Acute cardiac syndrome (ACS) includes various forms of acute myocardial infarction ("heart attacks") and is a major medical emergency. Cardiogenic shock (CS) is one of the most serious complications and leading causes of mortality among patients hospitalized with ACS. Both conditions require immediate treatment and invasive cardiac care.
‘The study finds that admissions to a tertiary care center that can provide invasive care is independently associated with improved survival.’
The optimal management of patients with ACS usually requires access to invasive coronary diagnostic and intervention such as percutaneous coronary interventions (PCI) to open up blocked arteries.
The only institution capable of providing invasive cardiac catheterization for PCI and coronary artery bypass surgery in Nova Scotia is the Queen Elizabeth II Health Sciences Center (QEII-HSC) in Halifax. This study evaluated whether the distances involved in getting patients to QEII-HSC affect survival rates
'While PCI is often considered the preferred mode of reperfusion if performed by an experienced team in a timely fashion, it may not always be possible," explained lead investigator Jean-François Légaré, MD, FRCSC, Head of Cardiac Surgery at the New Brunswick Heart Center, Saint John, NB, Canada. "This is particularly true in Nova Scotia where a large proportion of the population lives in rural communities that are several hours from the single cardiac catheterization laboratory located centrally in Halifax. Furthermore, this is compounded by logistic challenges in arranging ambulance services (air versus ground), lack of onsite physician coverage, and limited resources."

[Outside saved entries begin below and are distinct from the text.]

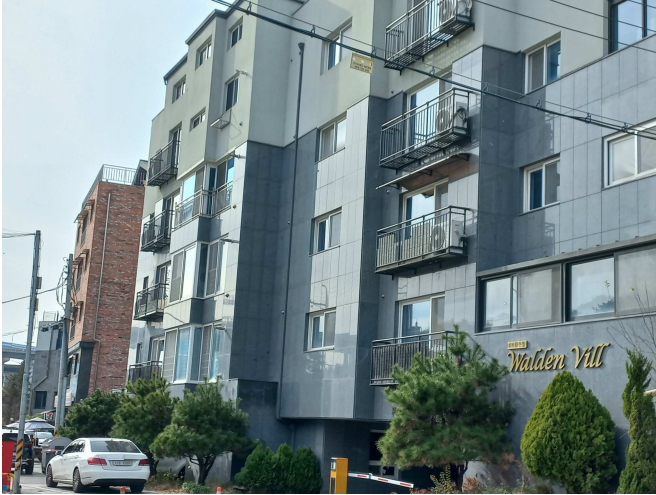
번호가 있는 건물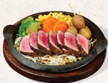
マグロ鉄板焼き (ブラックペッパー/BBQ)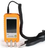
Microscopio de inspección OPEMFVM100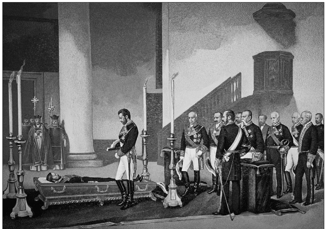
Amadeo I contemplando el cadáver del general Prim. Antonio Gisbert (1875). Museo de Historia de Madrid.

“El Ejército español del XIX respondía a una unidad profunda que no se correspondía con el pluralismo de sus cabezas visibles. Esta unidad profunda resultó decisiva para superar las crisis inmediatas al destronamiento de Isabel II. En primer lugar, se evitó la reincidencia en fórmulas de Ejército popular análogas a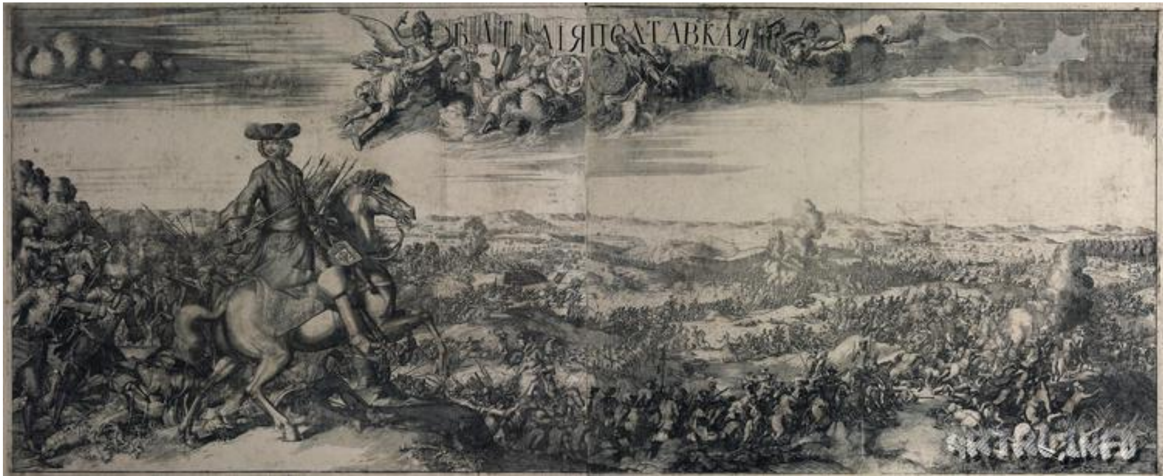
Алексей Зубов, Питер Пикарт. Баталия Полтавская 1715.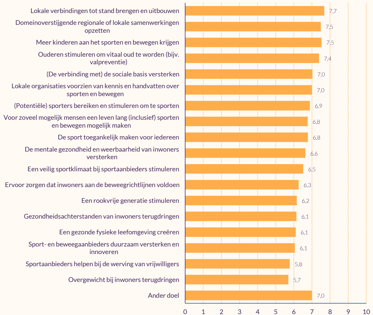
Figuur 4.1 Resultaten* geboekt op de doelen (volgens buurtsportcoaches) (gemiddelden, n=74)

In de panelpeiling hebben we buurtsportcoaches gevraagd naar het resultaat dat zij hebben geboekt op de eerder genoemde doelen (figuur 4.1).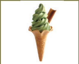
เกี๋ยวมัจจะ โชฟูโตะ 400เยน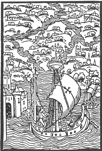
Karte der Entdeckungen des Christoph Kolumbus

In einem langsamen Prozess wurden die Jäger und Sammler sesshaft und begannen eine intensive Landwirtschaft. Die Besiedlung konzentrierte sich im zentralen Andengebiet und in Mittelamerika.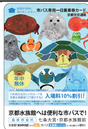
「市バス専用一日乗車券カード (京都市立芸術大学デザイン版)」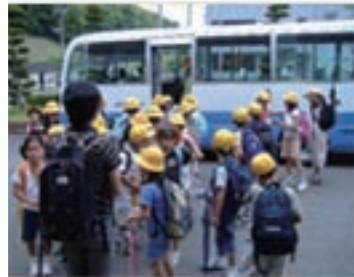
近隣小学校の工場見学 近隣の小学校3校から3年生計90名(各30名)が兵庫工場を見学。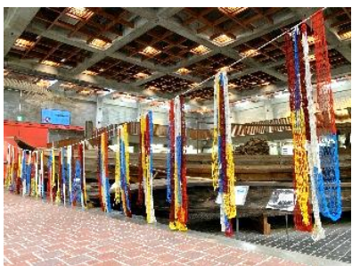
帯状に編み進んだ《そらあみ》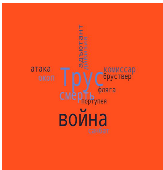
Рис. 1. Облако слов, созданное с помощью программы

2. Найдите в толковом словаре значения новых слов, составьте с ними словосочетания: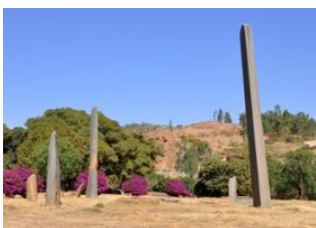
Addis - Abeba 📍 ✈️ 1000km - ⌚ 1h Axum 📍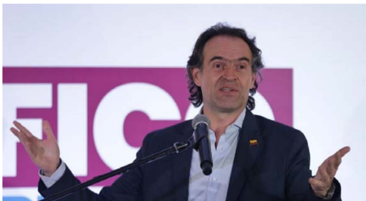
'Fico' Gutiérrez, candidato de Equipo por Colombia.

líticos con peor prontuario. La mayoría de las veces, las consecuencias de nuestra ira es mucho más nefasta que la razón que la originó.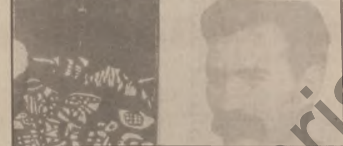
نهمالمانیا دابون ، له باش

نهمالمانیا دابون ، له باش ته و او بونی جهنگی دوهمی جهانی که نهمالمانیا خوی دا به ده ستوه ، له کاتسی بهردانی کومه دلیت کدا تیکرا به ناله می مؤسیقاوه به مؤسیقا لیدان هانتسه دهر وه . نه وهی جسیتی تیرامانه کس نازانی چؤن نه و دیلانته نه وه همرو ناله ته مؤسیقا بانه یان گه باندونه به ندیخانته فیزی مؤسیقا بوونه .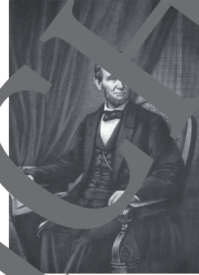
Abraham Lincoln, 16. Präsident der Vereinigten Staaten von Amerika.

Das Wort Demokratie stammt aus dem Griechischen und bedeutet Herrschaft des Volkes. Abraham Lincoln, der 16. Präsident der Vereinigten Staaten von Amerika, fand im Jahr 1863 sehr passende Worte, um Demokratie zu beschreiben. Er charakterisierte Demokratie als „die Regierung des Volkes, durch das Volk und für das Volk“.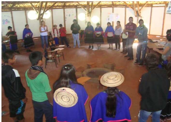
Foto 19. Actividades lúdicas con estudiantes de sexto grado Autor: Juan Pablo Perafán 2013

Otro aspecto que considero importante no pasar por alto, es el que tiene que ver con el desarrollo de actividades lúdicas en las clases, ya que es innegable el aporte que estas pueden ofrecer en el proceso educativo. Aquí, debo reconocer, que se encuentra una de mis debilidades como docente, pues el poco manejo de recursos lúdicos y didácticos han generado grandes tensiones en mi práctica, al hacerse evidente, la actitud desanimada de algunos estudiantes en ciertos momentos de la clase. Ante esta situación, he tenido que realizar muchos esfuerzos y buscar varias actividades lúdicas para implementarlas en las clases y que sirvan de motivación a los estudiantes.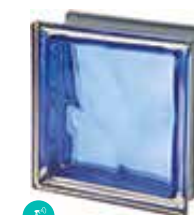
COBALTO Q19 O MET SAP CODE: 120828 EURO: 21,00/19,00/17,00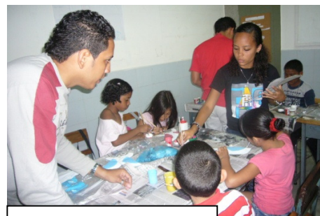
Taller de recreación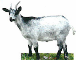
chèvres de Lorraine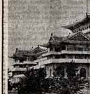
Нартия и правительстве Корейской Народно-Демократической Республики большое внимание уделяют повышению уровня образования народа. Одной из наиболее популярных центров культуры КНДР сейчас является Народный дворец учебы, возведенный в Пхеньяне. Дворец располагает читальным залом на 5.000 мест, в кинозрительном центре содержится около тридцати тысяч томов.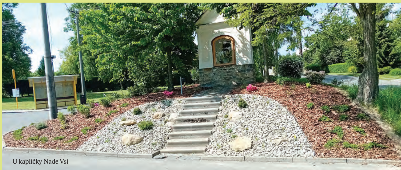
U kapličky Nade Vší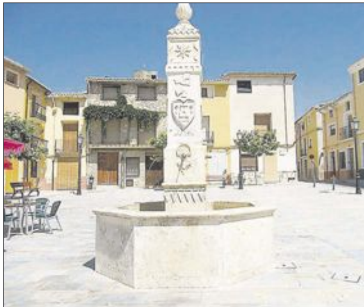
Uno de los rincones que se visita es la plaza España

El programa turístico de rutas guiadas y gratuitas por el municipio de Biar continúa este mes de marzo con salidas los domingos días 8, 15 y 22. Durante la ruta, los asistentes recorren el casco antiguo y conocen sus rincones y sus leyendas, de la mano de la guía turística. También se visitan las ermitas, el pozo de nieve y se organiza una ruta nocturna al Castillo, previamente concertada. La ruta parte desde la plaza de la Constitución a las 11 horas y el recorrido dura, aproximadamente, dos horas. Los visitantes pueden, además, disfrutar de la oferta gastronómica del municipio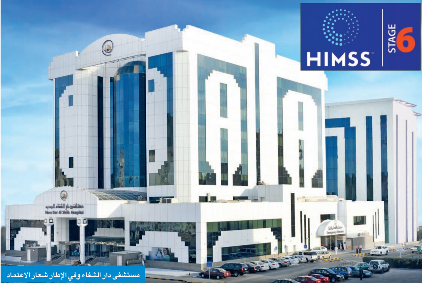
مستشفى دار الشفاء وفي الإطار شعار الاعتماد

بعد تحقيقه المرحلة السادسة من معايير جمعية HIMSS الرقمية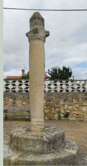
9- Villanañeko pikota

erotismoz beteta dagoena topatzea. Zein asmorekin zizelkatu ote zuten? Ondoko etxe batean giltzak lortuz gero, barrura sartu gaitzke, bisitak merezi du eta.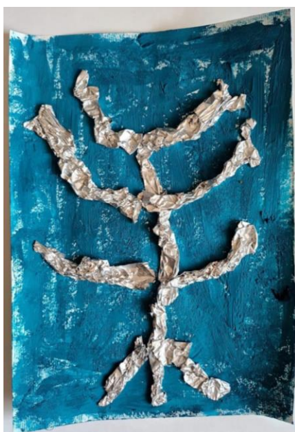
Slika 11. Dječak (5)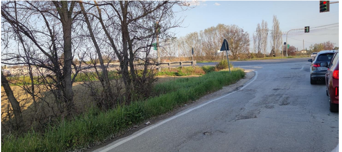
Figura 22 – Intervento 7 Rotatoria Via amola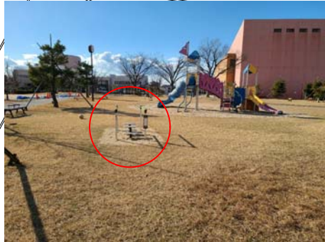
③健康遊具(ステップ) N=1基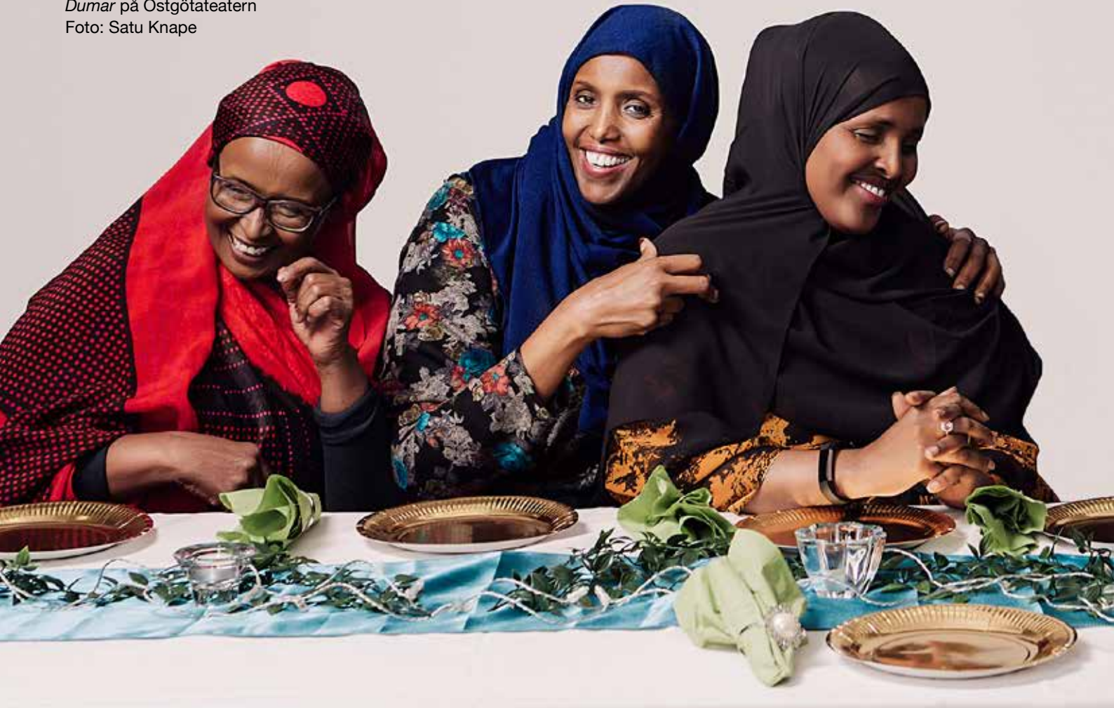
Dumar på Östgötateatern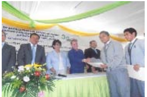
Ceremonia de Clausura COBAEP Plantel 11 Xicotepec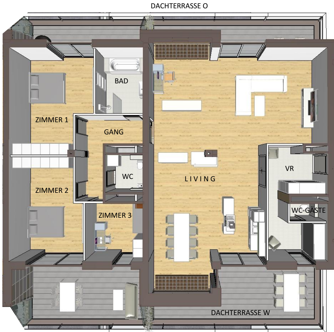
SYMBOLDARSTELLUNG DES WOHNUNGSGRUNDRISSSES 4. OBERGESCHOSS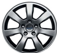
Oden 7,0 x 16"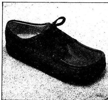
Modell 353 «Rustikal» in den Farben natur, dunkelbraun, marineblau und schwarz.

Ihre Zehen haben Platz, Ihr Fuss hat festen Halt. Sie laufen bequem und sicher. Nichts drückt, nichts schmerzt. Sie vergessen fast, dass Sie Schuhe tragen. Es ist wie Barfussgehen. Trotz der anatomisch richtigen fussgerechten Form sind 'jacoform' Bequem-Schuhe sportlich-chic.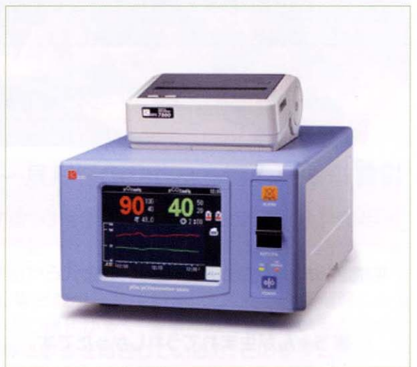
〈pO 2 /pCO 2 モニタ9200〉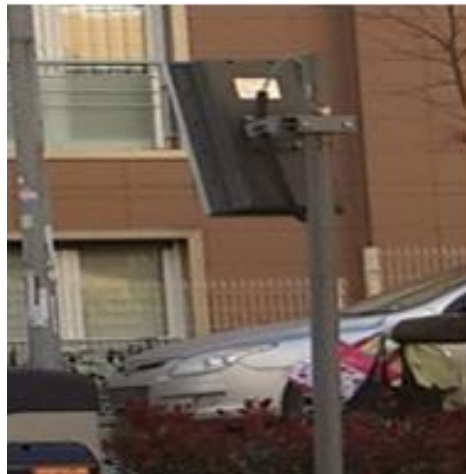
Görsel 7 : Site Giriş Kapılarındaki Teknolojik Gözetim ve Denetim Araçları III.

Site ana giriş kapılarına ek olarak her apartman bloğunun giriş kısımlarında hem içerden hemde dışardan olmak üzere kamera sistemleri ile denetlenerek kayıt altına alınmaktadır, ayrıca blok kapı girişlerinde kartlı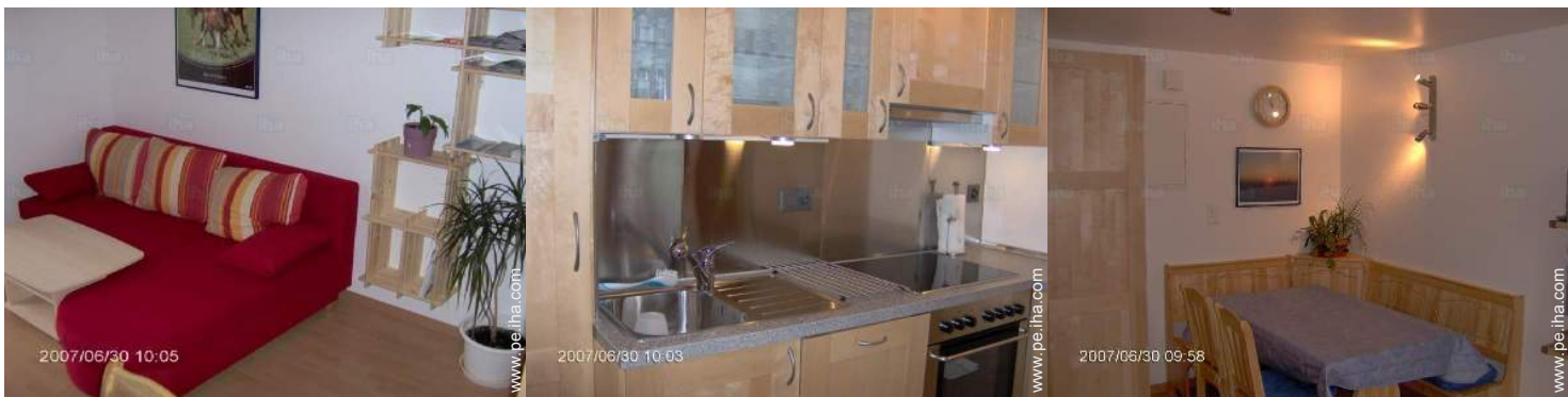
cuarto de estar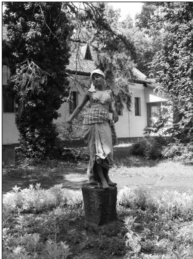
A régi épületszárny bejáratánál „mesél” a cigány lány...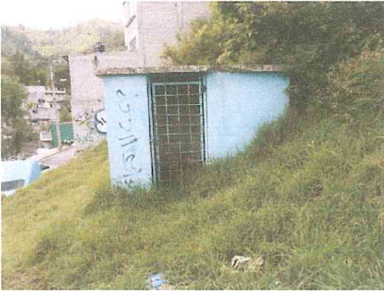
Foto 9. Zona de área verde con declive.

El cuerpo del edificio no presenta desplomes ni deformaciones visualmente apreciables. Los muros, las techumbres ligeras, los firmes y la estructura en su conjunto no presentan ninguna afectación estructural considerable ocasionada por el sismo. Derivado de lo anterior, se dictamina que EL INMUEBLE DEL CENTRO COMUNITARIO INDEPENDENCIA, ES UNA EDIFICACIÓN QUE REQUIERE DE MANTENIMIENTO MAYOR GENERAL PARA QUE SEA HABITABLE.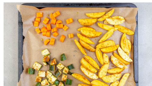
2. Gemüse rösten

Den Knoblauch schälen und halbieren. Das Fleisch mit etwas Küchenkrepp trocken tupfen, horizontal halbieren und mit je 1 Prise Salz und Pfeffer würzen.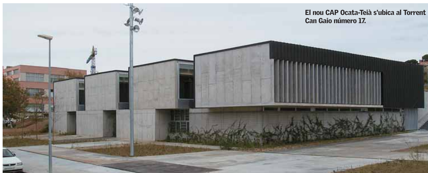
El nou CAP Ocata-Teià s'ubica al Torrent Can Gaio número 17.

La posada en marxa d'aquest nou CAP suposarà un desdoblament dels serveis d'atenció primària, en la qual actualment s'està treballant per acabar de definir el quadre mèdic resultant. Properament, els masnovins i masnovines rebran al seu domicili una notificació on s'indicarà quin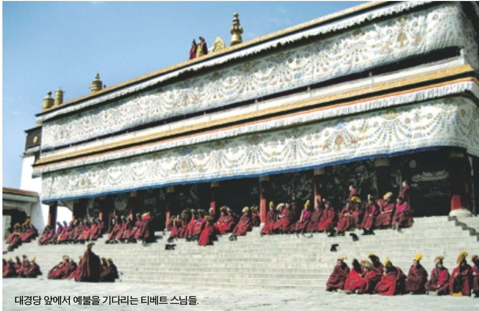
대경당 앞에서 예불을 기다리는 티베트 스님들.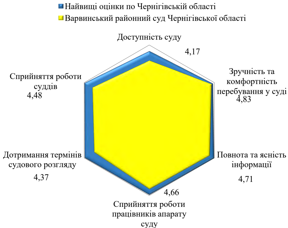
Рис.1.4. Якість роботи Варвинського районного суду за основними вимірами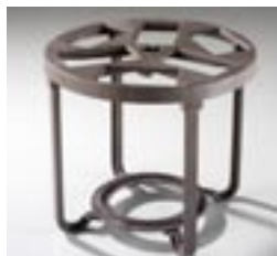
Support pour cassettes Classic 219290 Omega 249025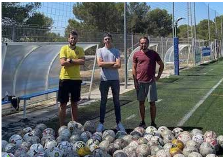
L'USV a remis 120 ballons de foot à des associations engagées dans le sport pour tous

Incontournables pendant la crise sanitaire en dépit de leurs difficultés pour fonctionner normalement, les associations sont plus que jamais au cœur de la vie citoyenne. Avec l'élan de la transition sociale, économique et environnementale impulsée sur le territoire, leur esprit de cohésion et de fraternité se conforte jour après jour.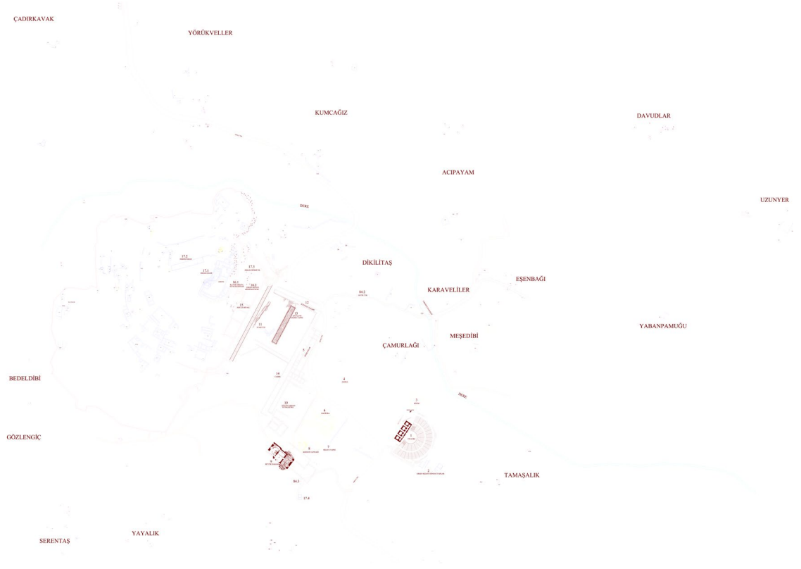
fig.16 Tlos Antik Kenti Hellenistik Dönem ve sonrası yerleşim planı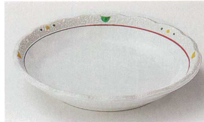
365-11-354 しなやか7.0深皿 830円 22.4×4.2cm 47210351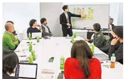
ブランド化に向けて議論をする参加者

東京島しょ地域のブランド化を目指す東京宝島事業の一環として、今年度、島会議を開催している4島(大島、神津島、三宅島、八丈島)では、各島の事業者が中心となって、自らの島の価値は何か、どのような人々に、どのように共感をして欲しいかなどのブランド化に向けた議論を重ねています。1月29日に開催された第2回東京宝島会議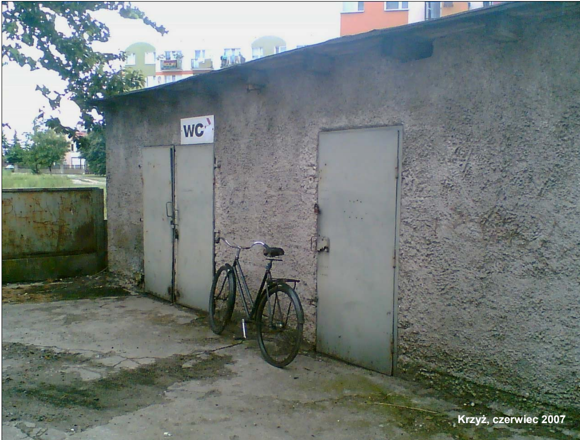
Krzyż, czerwiec 2007

Using data from the clinical database of Cardiovascular Health Nova Scotia, 418 consecutive patients diagnosed with ACS and CS and admitted to hospital in 2009-2013 were included. Of these, 309 (73.9 percent) were close to or directly admitted to QEII-HSC and were classified as having direct access to invasive care. Of the 109 patients in other parts of the province, 64.2 percent were transferred to QEII-HSC. The mortality rate among the 309 patients with direct access to invasive care was significantly lower than the 109 patients who did not have access (41.7 percent vs. 83.5 percent, p <0.0001). Unadjusted mortality was lowest among patients undergoing primary percutaneous coronary intervention (33.1 percent). After adjustment for clinical differences, direct access to cardiac catheterization remained an independent predictor of survival.
When comparing patients presenting with ACS + CS relative to the population in each of the nine separate District Health Authorities (DHA) in Nova Scotia, investigators identified regions with a greater than four-fold difference from the highest to lowest incidence, with the DHAs at the geographic extremes from Halifax having the highest incidence (see maps in Figure). They also determined that the percentage of cases resulting in transfer to QEII-HSC from each DHA ranged from about 47 percent (DHA 2) to about 87 percent (DHA 9, including QEII-HSC). This almost two-fold difference in transfer rates was congruent with the areas of highest incidence.
The investigators note that during the five-year study period, the incidence of ACS complicated by CS was 2.9 percent, which is lower than the 6.3 percent previously found in Nova Scotia, and which follows a global trend of decreasing incidence of CS. They also found that the overall mortality rate for ACS + CS patients decreased to 52.6 percent versus the previously reported 60.1 percent. Nevertheless, the marked disparities across the Province point to areas for improvement.
According to Dr. Légaré, "Our study suggests that patients living furthest from the only cardiac catheterization center in the Province have the highest rates of ACS + CS and lowest access to invasive care. Given that access to invasive care appears to provide the best chance of survival
, continued public health efforts to increase access and gaining a better understanding of barriers to care are needed."